Duo 2FA Integration?

Hey everyone! So I was just wondering whether anyone has had success trying to integrate this in with a solution like @AnnMarieW has created with her Dash + Flask Login setup? I was hoping to handle authentication with that + user authorization with @stu suggested OSO library, which should get me 90% of the way there if everything works properly, but the solution would get me the extra 10% of the way there if I were able to plug into a library like this one. I get tripped up on performing the redirects within a Dash app. Thanks in advance for any help! :slight_smile:

It looks like the Plotly team wants to include this part in their paid module, so you probably won’t get much official support. I’m sry.

1 Like


What type of 2FA are you looking for?

You can either have a code emailed to you that can be entered to confirm your identity. Or use an Authenticator app which uses a secret key and generates a one-time password for 30 seconds.

These are some I’ve done, don’t know if there is a library that you wanted to use though.

Well so I think I have a Duo Push subscription, but I think an authenticator app with an OTP code would work perfectly fine as well if that’s a solution that you’re familiar with? Does the solution you’re referring to have anything to do with the pyotp library?

(I realized that I have to rework a bit of my redesigned app because it probably won’t be feasible to handle page routing with flask-login in a seamless fashion for the user while using the new multipage component, so I’ll have to rebuild the index router, but that’s a bit of an aside from the main issue of 2FA.)


As far as I understand it, you can build your auth process in flask-login, and routing in flask as well.

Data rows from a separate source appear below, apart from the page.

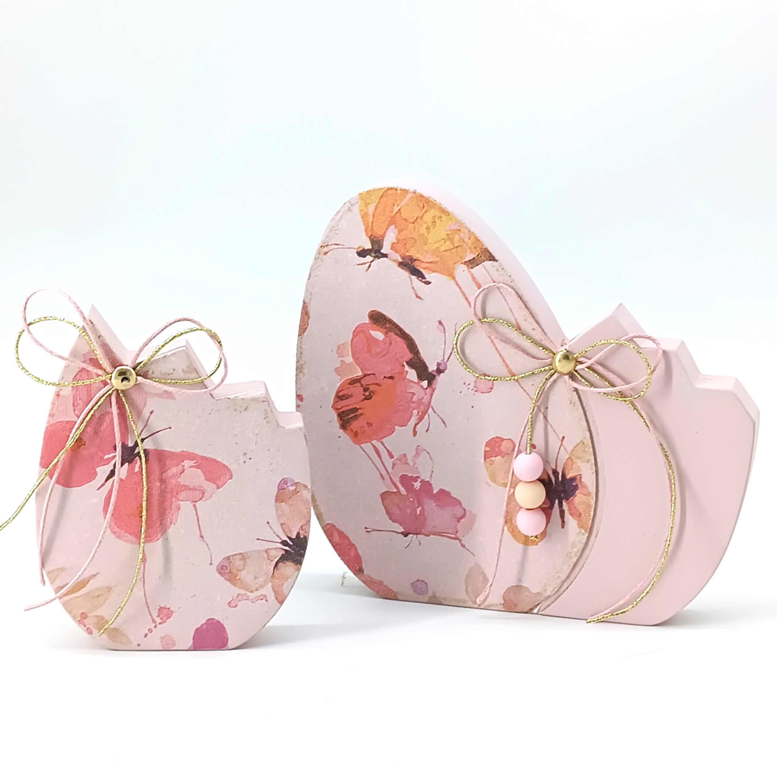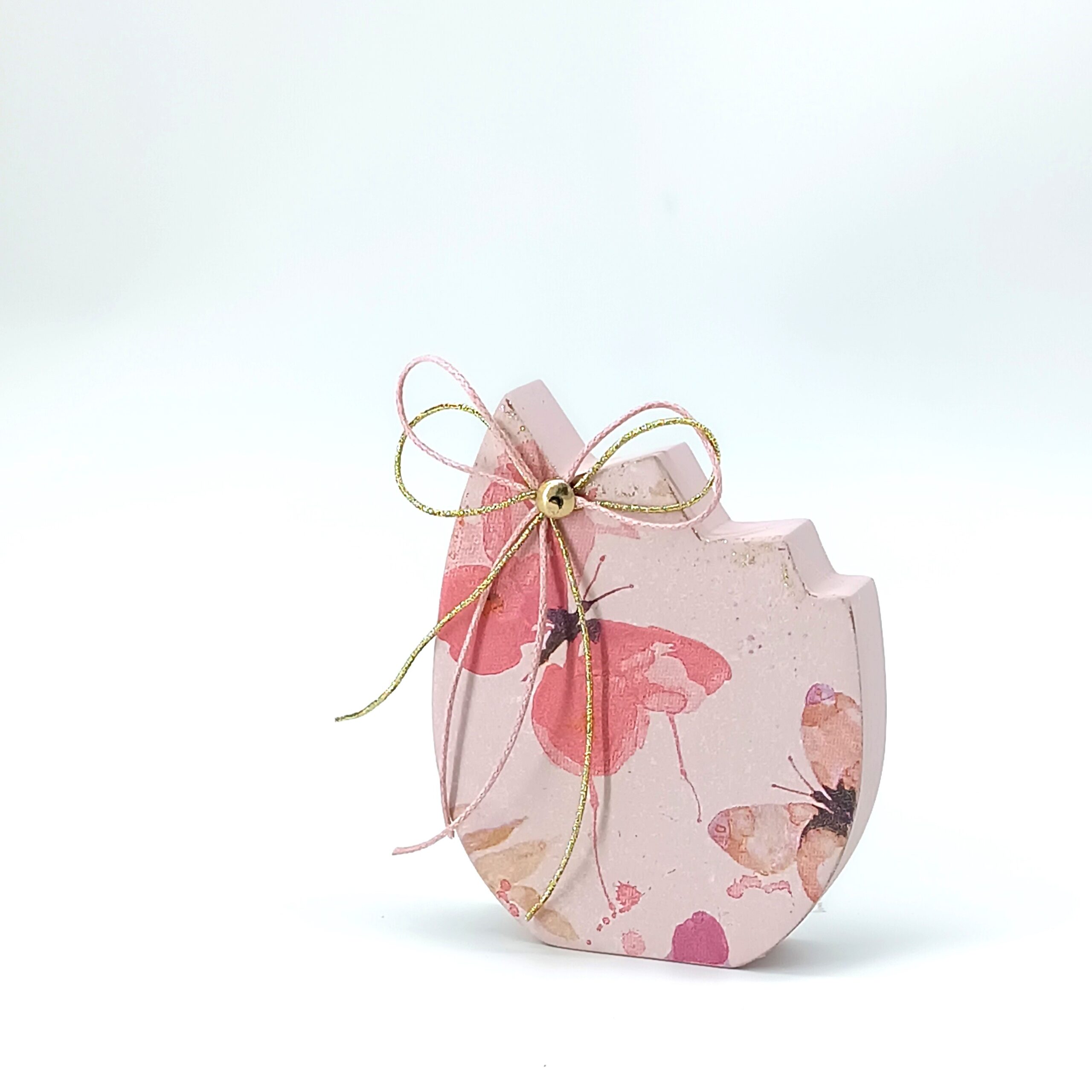 Ξύλινος πασχαλινός διακοσμητικός λαγός από mdf με την τεχνική του decoupage, ιδανικό για εποχιακή διακόσμηση ή δώρο.
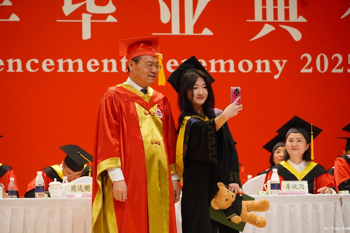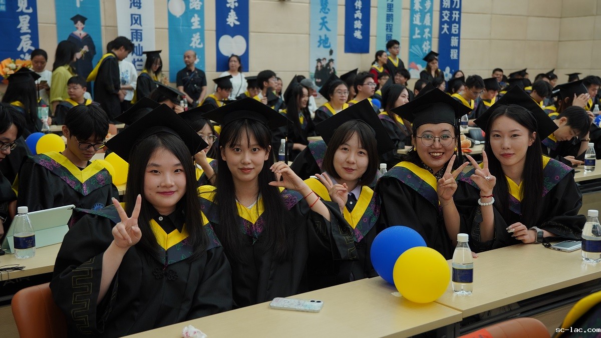 典礼现场,学士帽流苏轻扬,映衬着年轻脸庞上绽放的笑容。它们像盛夏的花朵,在镜头里毫无保留地漾开。那些清澈的眼眸里,盛满了对过往的珍重,对未来的憧憬,无需言语,快乐早已溢出画面,凝固成这个夏天最明媚的注脚。
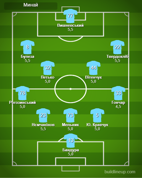Заміни Миная: Дмитрук 4,5, Шишка - 4,5, Чуєв - б/о, Коломоєць - б/о, Гечев -б/о.

Then pass the final server over to dash as the server argument. From there, Dash adds on it’s own routings if there is no conflict, in a tie, the flask server will win out.

Yes, I was referring to the pyotp library. You’d have to have a way to associate the secret key with a user in a database in order to store when they’ve verified the code through an interface.


So I think I understand what you mean and that would be perfect for me, but I guess I don’t have any experience using Flask as the overarching router, so I’m not entirely sure how that would function. Do you happen to have a minimum example or something that I could look at to get a better idea? I’m imagining that I would be able to define auth_required -esque decorators on each of the flask routes and a dash callback that populates the page based on the url? I imagine there would be some issues with that but I’ve never tried it myself.

Do you already have flask-login working on your existing app?

Well, I had tried to create a flask-login setup using the Dash multipages example, but I ran into some issues in that I wasn’t able to handle user management very well, so I decided that I would use a router in Dash using the dcc.Location() component, which I haven’t set up yet, but which I figure should work ok (within the callback, check the desired url and check if a user is authenticated – g.user.is_authenticated --, and if not authenticated yet, just push them to the /login url page as the output). Haven’t tried it yet but was going to give it a go on Friday or this weekend when I have a bit more time.